Influence of electron interactions in a band metal.

Let's make it a goal to finish by Friday our problem involving the possible influence of electron repulsion in a band metal. Specifically, we are considering N electrons in a band that has a total of 2N states and which has a constant DOS. So \(D_o B = 2N\), where B is the bandwidth and N is the number of sites in the crystal.

We know how to calculate the energy of the system (at T=0), by integrating over the occupied states. (Can someone post that integral here?) We spoke about imagining separating the DOS into two equal halves, one for spin up and one for down. With that in mind one can then calculate the total energy of the system as a function of N_up and N_down. Can someone do that and post it here. Can you post a graph of the energy of the system as a function of \(N_{up}\)? Then we can consider and discuss what is the equilibrium value and what might influence the extent of fluctuations away from equilibrium. We assume \(N_{up} + N_{down} =N\). Does that make sense? What does that plot look like? What is the equilibrium value?

Now let's suppose every electron interacts with every other electron with an interaction expectation value \(e^2/L\)  (where L=Na). How many electron pairs are there if there are 100 atoms and 100 electrons in this band? How many are there if there are N electrons? What is the total electron-electron interaction energy?

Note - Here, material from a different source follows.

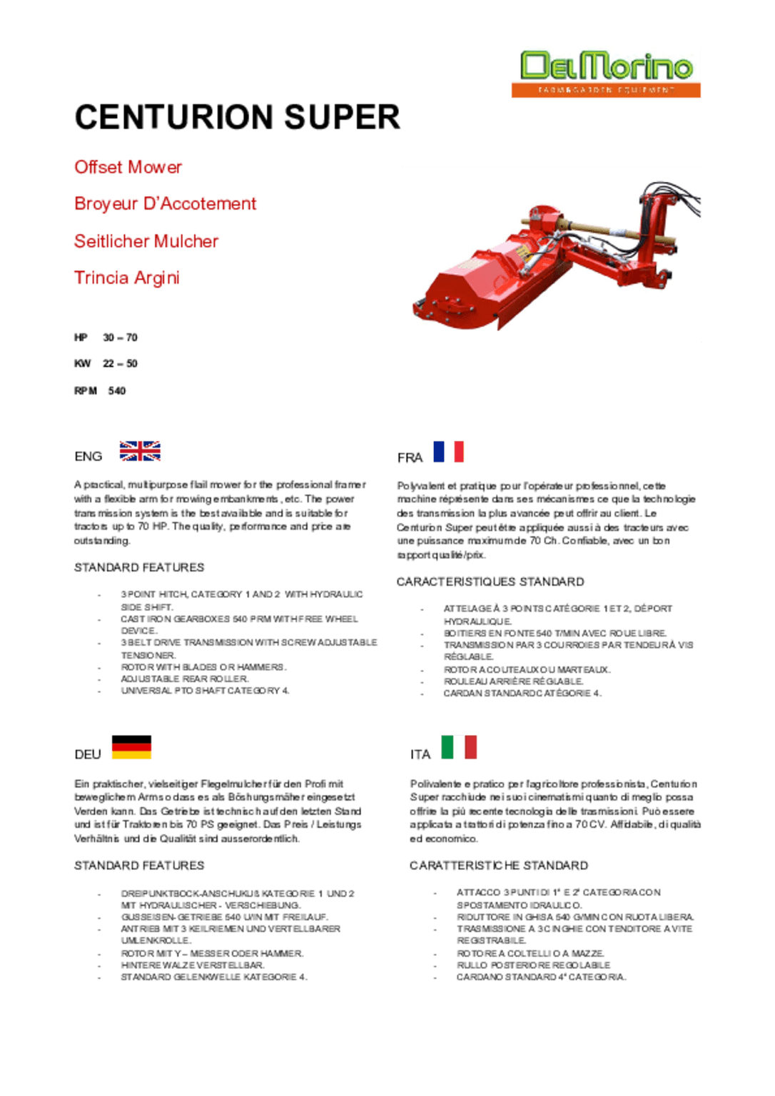 Equipement standard: Attelage à 3 points catégorie 1 et 2 - Boitier en fonte 540 tr/min avec roue libre.

Then let's make a slightly different assumption. Let's suppose that every spin up electron interacts with every other spin up electron with a smaller energy, \(e^2/2L\). Same for down- down pairs. The interactions between up and down pairs we leave at the larger value \(e^2/L\). (Does that make sense? Perhaps someone an explain that more lucidly?) How does this new assumption change and influence things? What is the total electron electron repulsion energy with this assumption. Graph it as a function of \(N_{up}\). Think about it and discuss.